Those weaknesses are not accidental. They have been deliberately created via the closure of the Scorpions, the defanging of the prosecution service, the inadequacy of the Hawks and the pervasive control of the levers of power in the criminal justice administration by politicians who ought to know better than to undermine ethical and honest governance by making room for corrupt activities.
The National Executive Committee of the ANC is alive to the dangers inherent in executive control of the criminal justice administration’s anti-corruption capacity. The “final responsibility” of the minister of justice and the management of the Hawks by the minister of police make it difficult for those employed to counter corruption to discharge their mandates properly. The NEC resolved in August 2020 to instruct Cabinet, as a matter of urgency, to establish a standalone and independent corruption-busting body. The instruction has not been acted upon by Cabinet.
The President has instead appointed an entirely unnecessary National Anti-Corruption Advisory Council (Nacac) for a three-year term. This amounts to kicking the can down the road. He has already indicated a willingness to create an anti-corruption entity that reports to Parliament and not to Cabinet. Taxed in 2019 on the topic of making the new body a Chapter 9 institution, he has undertaken to mull over what he calls this “refreshing” notion. This notion has been embraced by the IFP since 2019 and by the DA since 2022. In August 2021, Accountability Now supplied both the legislature and the executive with the draft legislation and constitutional amendment that might address the weaknesses in the current system.
The executive remains unresponsive to the suggestions of Accountability Now, but the Constitutional Review Committee of the National Assembly has unanimously resolved to consider comprehensive representations on the suggested drafts. These were made in writing in August 2022.
The essential ingredients of the reform required have already been specified in binding terms by the highest court in the land. Hence the superfluity of Nacac. In the Glenister litigation, the need for an effective and efficient anti-corruption entity was made into a human rights issue and also a question of adhering to the obligations assumed by the state in its international treaties on the topic of countering corruption. The court held that the government is obliged to come up with a system that is adequately independent, properly resourced and secure in tenure of office. Properly trained specialists of probity and integrity should operate the entity and it should be free of executive control.
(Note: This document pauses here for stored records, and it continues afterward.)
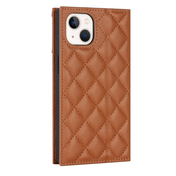 Funda de Cuero con Cremallera para iPhone 14 Grid Texture Lanyard (Marrón)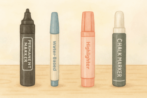 「100均やコンビニに行く時間もない!」そんな時は、あなたのデスクやペン立てにあるペンをチェックしてみましょう。実は、家や職場にある普通のペンの中にも、一時的にホワイトボードマーカーの代わりになるものが潜んでいる可能性があります。もちろん、すべてのペンが使えるわけではありませんが、インクの特性を理解すれば、緊急時に役立つ一本を見つけられます。ここでは、手持ちのペンの中から、代用品として使える可能性のあるペンの種類と、それぞれの使い分けのポイントを解説します。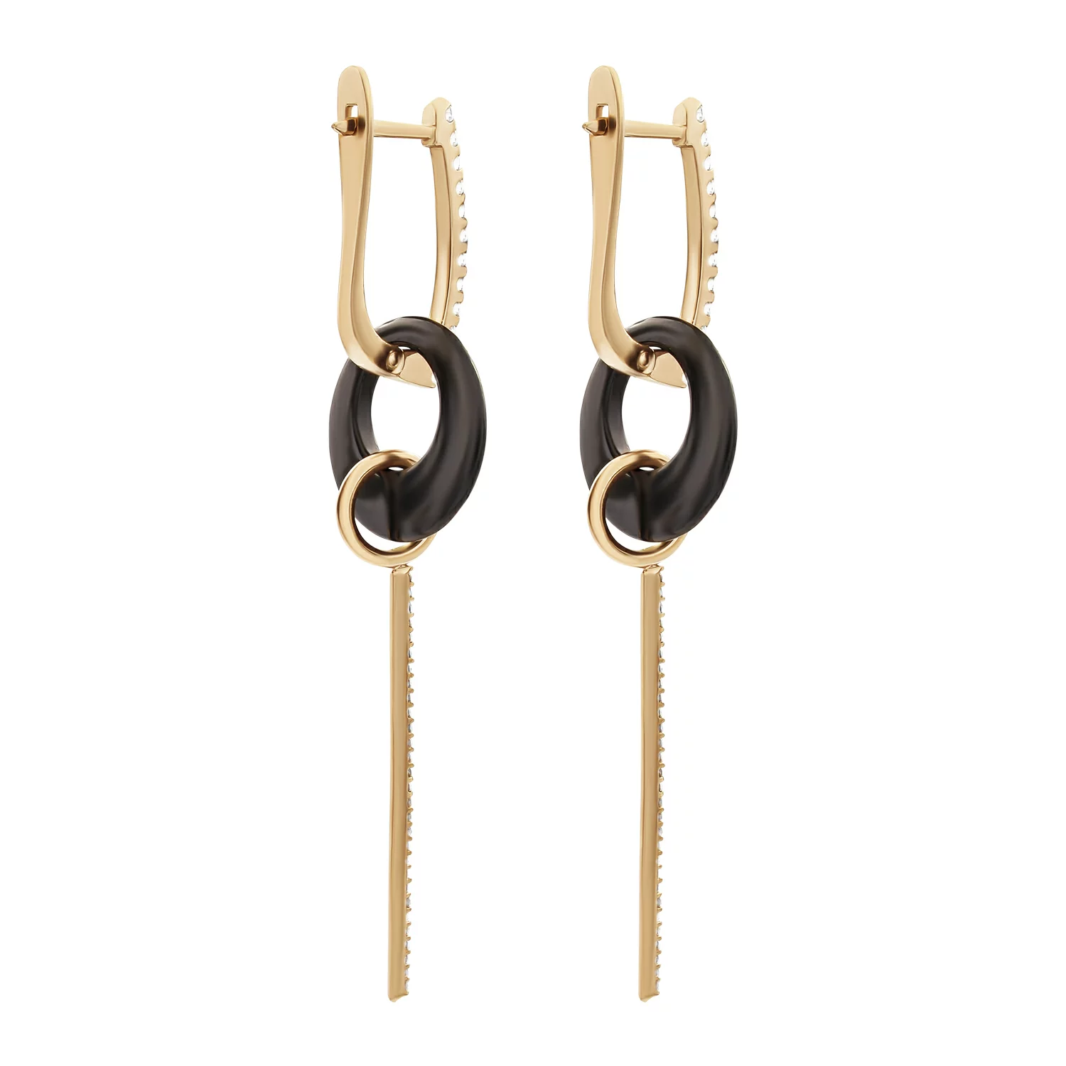 Золоті сережки з підвісками "Палички" з фіанітом та алмазною гранню - 1530961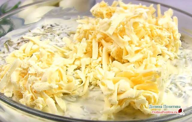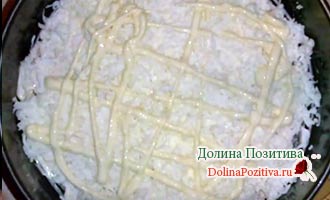 9. Наступний шар – натерті плавлені сирки. Потримайте їх у морозилці протягом півгодини. Сирки не будуть прилипати до металевій решітці терки. Процес їх подрібнення не викличе у вас труднощів. Розрівняйте шар протертих плавлених сирків, покрийте майонезній заправкою.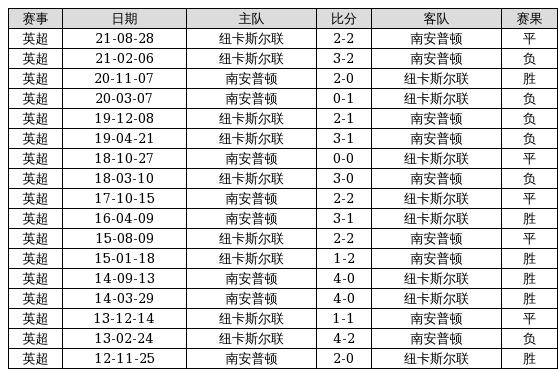 南安普顿 VS 纽卡斯尔联两队近10年的交战次数为17场,南安普顿6胜5平6负,赢球概率为35.3%,平局概率为29.4%,输球概率为35.3%。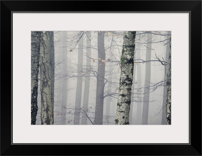 <p>Trees in mist at dawn</p>
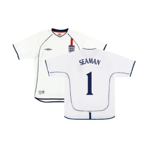 The England 2001-03 Home Shirt as worn by players such as Southgate, Cole, Owen, Scholes and David Beckham as the team reached the Quarter Finals in the 2002 FIFA World Cup.

The government tried to comply with these criteria by amending the mandate given to the Hawks. The court found the amendments wanting in various respects and fixed the legislation itself – an unusual step. The legislation so fixed has been in place since November 2014. The findings of the Zondo Commission illustrate that the system is not working as it should, so much so that State Capture is an ongoing scourge in the land. Somewhere between R1-trillion and R2-trillion has been gobbled up by the corrupt during the course of kleptocratic corrupt activities in South Africa. All of the loot of State Capture should be recovered for the benefit of the poor from those who participated in the looting, whether as deployed cadres of the ANC or as their fellow travellers in business and industry.
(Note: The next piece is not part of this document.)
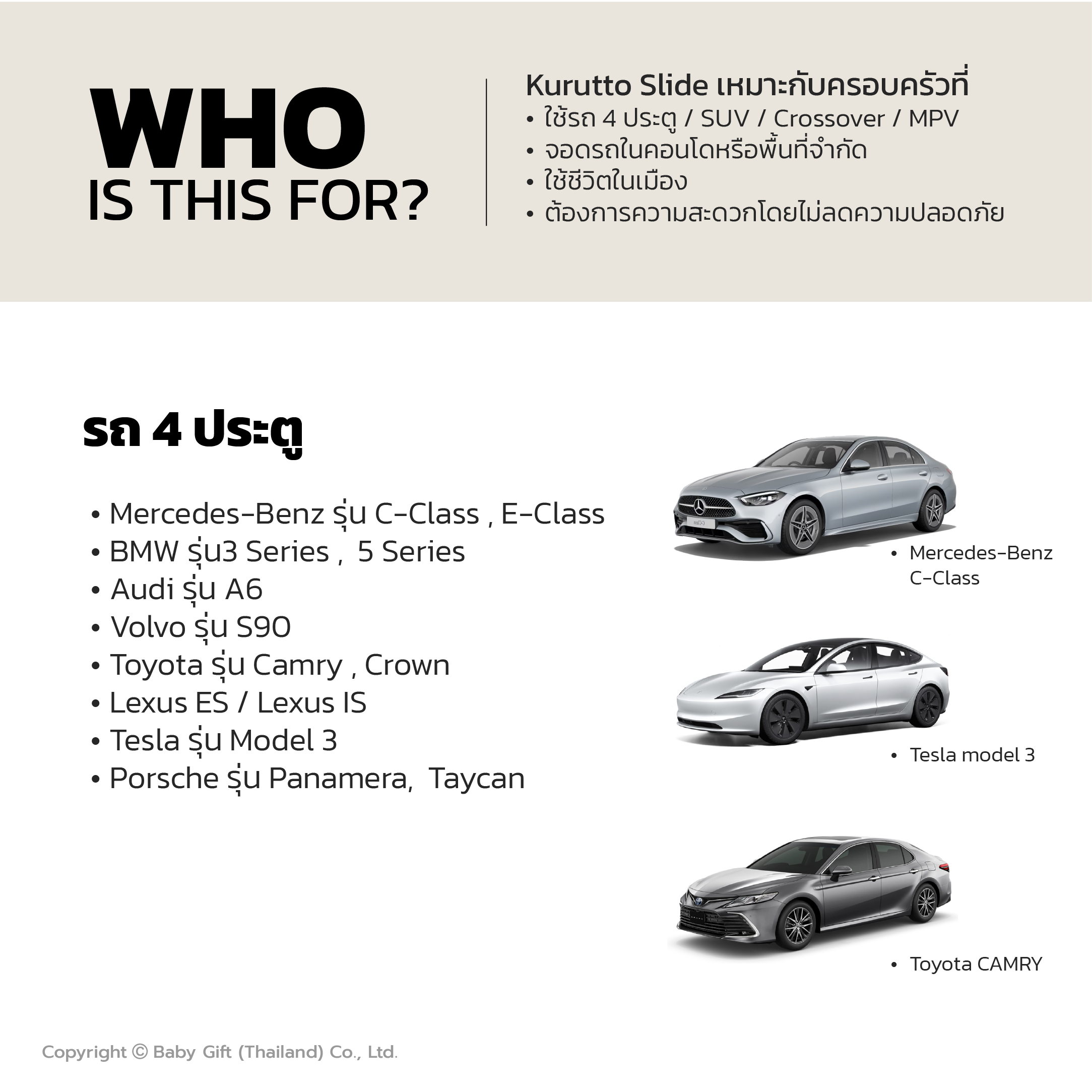 Kurutto Slide รองรับรถที่มีระบบ ISOFIX ตามมาตรฐาน หากเปลี่ยนรถ สามารถนำรถเข้ามาให้ทีม BabyGift ช่วยตรวจเช็กการติดตั้ง เพื่อใช้งานได้อย่างถูกต้องและปลอดภัยต่อเนื่อง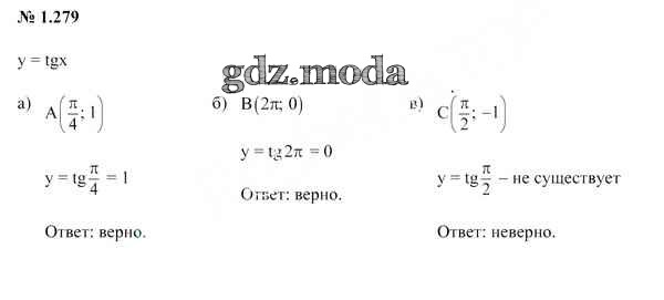 ОТВЕТ на задание № 1.279 Учебник по Алгебре 10 класс Арефьева

Be assured that until serious corruption is properly addressed, with fealty to the criteria set by the Constitutional Court, there will be no renewal in South Africa. The economy will continue to struggle, our GDP is in danger of shrinking by a calamitous 1% if the Financial Action Task Team decides to greylist South Africa. The shortage of funding for electricity, healthcare, education and social services will become ever more dire if the levels of corruption in the land are not proactively addressed by a suitably independent entity that has the structural and operational capacity to recover loot, prosecute wrongdoers and dissuade those contemplating living off the proceeds of corruption.
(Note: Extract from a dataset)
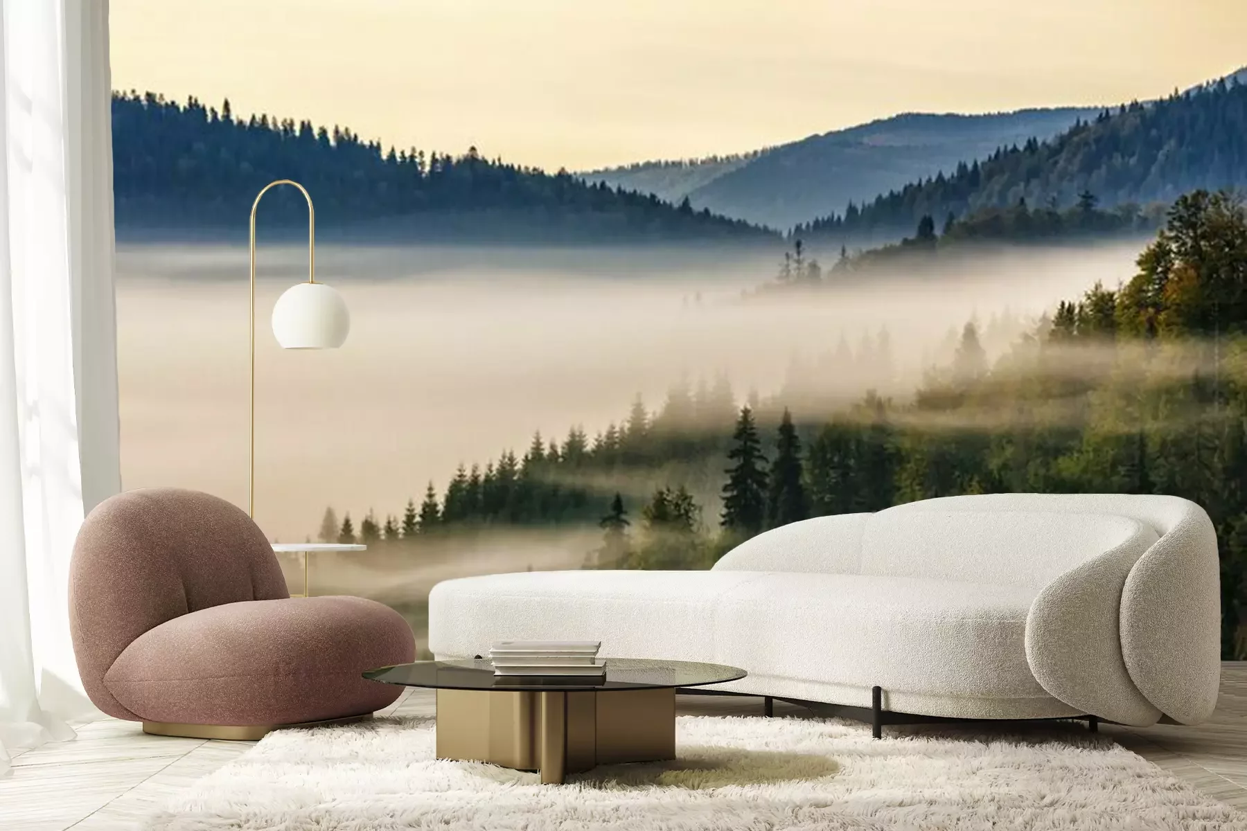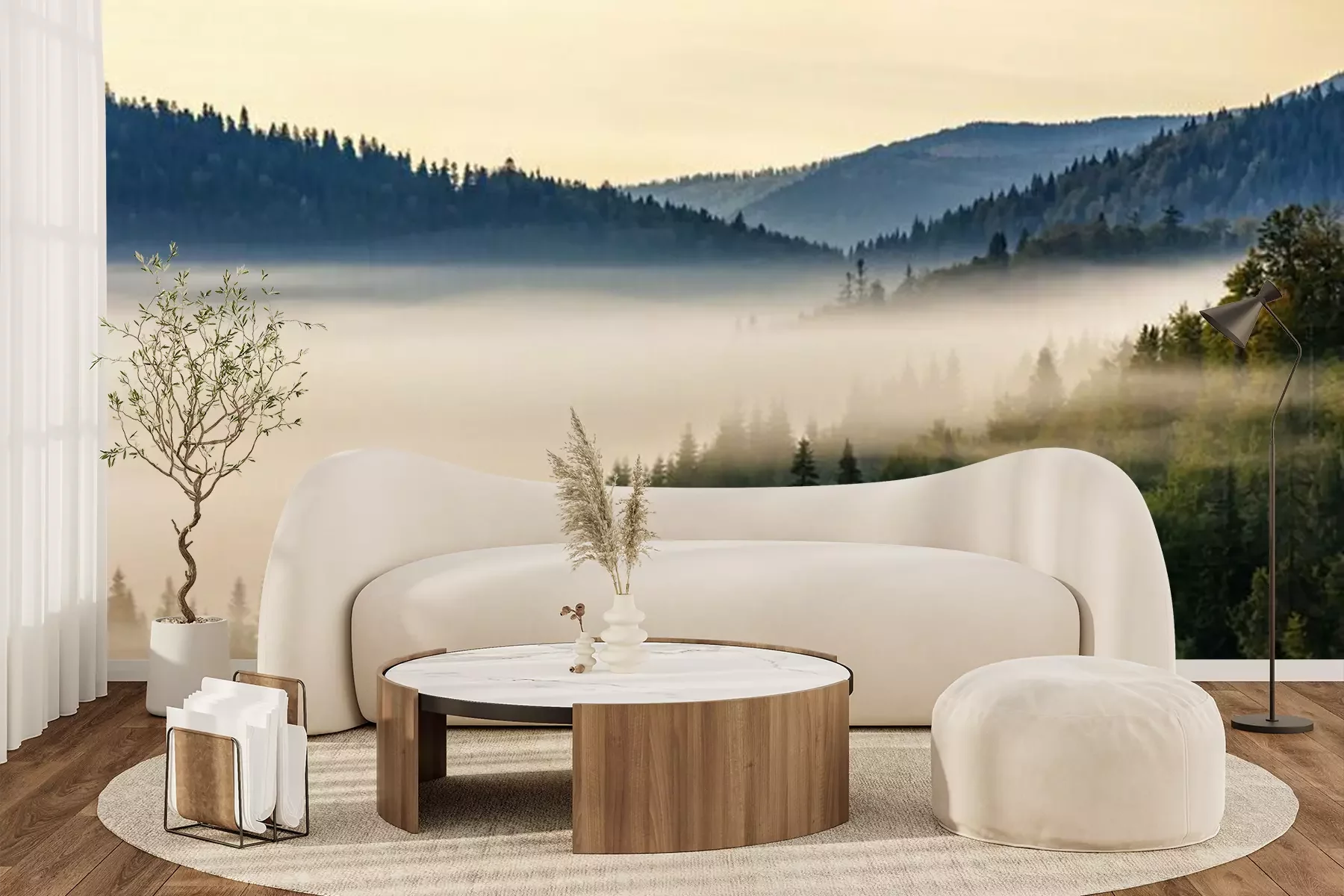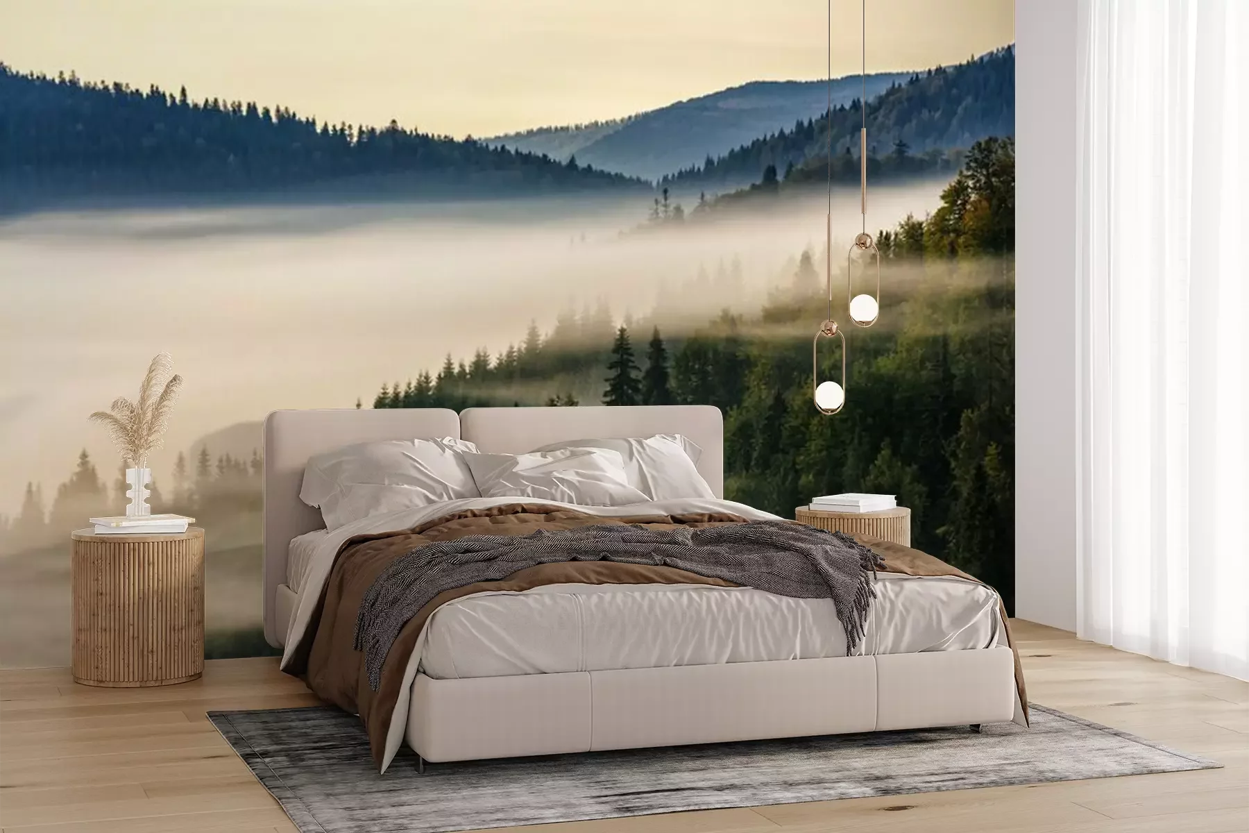 Nadelwald in den Bergen in Nebel gehülltFototapete

It is a simple matter to approach the courts for suitable relief due to the failure to implement the binding rulings of the courts. It is infinitely better to persuade decision-makers to do the right thing when reform of the criminal justice administration is proactively addressed.
To help generate the political will necessary to counter serious corruption in South Africa, a hybrid webinar conference will be held, auspiciously so, in the OR Tambo moot court at UCT on 6 February 2023. Experts are being assembled to address four main themes in their deliberations. First the proper implementation of the anti-corruption findings of the Constitutional Court, second, the better protection of whistle-blowers, third the introduction of Non Trial Resolution for complex corruption cases, and last, the acceptance of the need for an International Anti-Corruption Court, working on the basis of complementarity in instances in which local solutions are legally impossible.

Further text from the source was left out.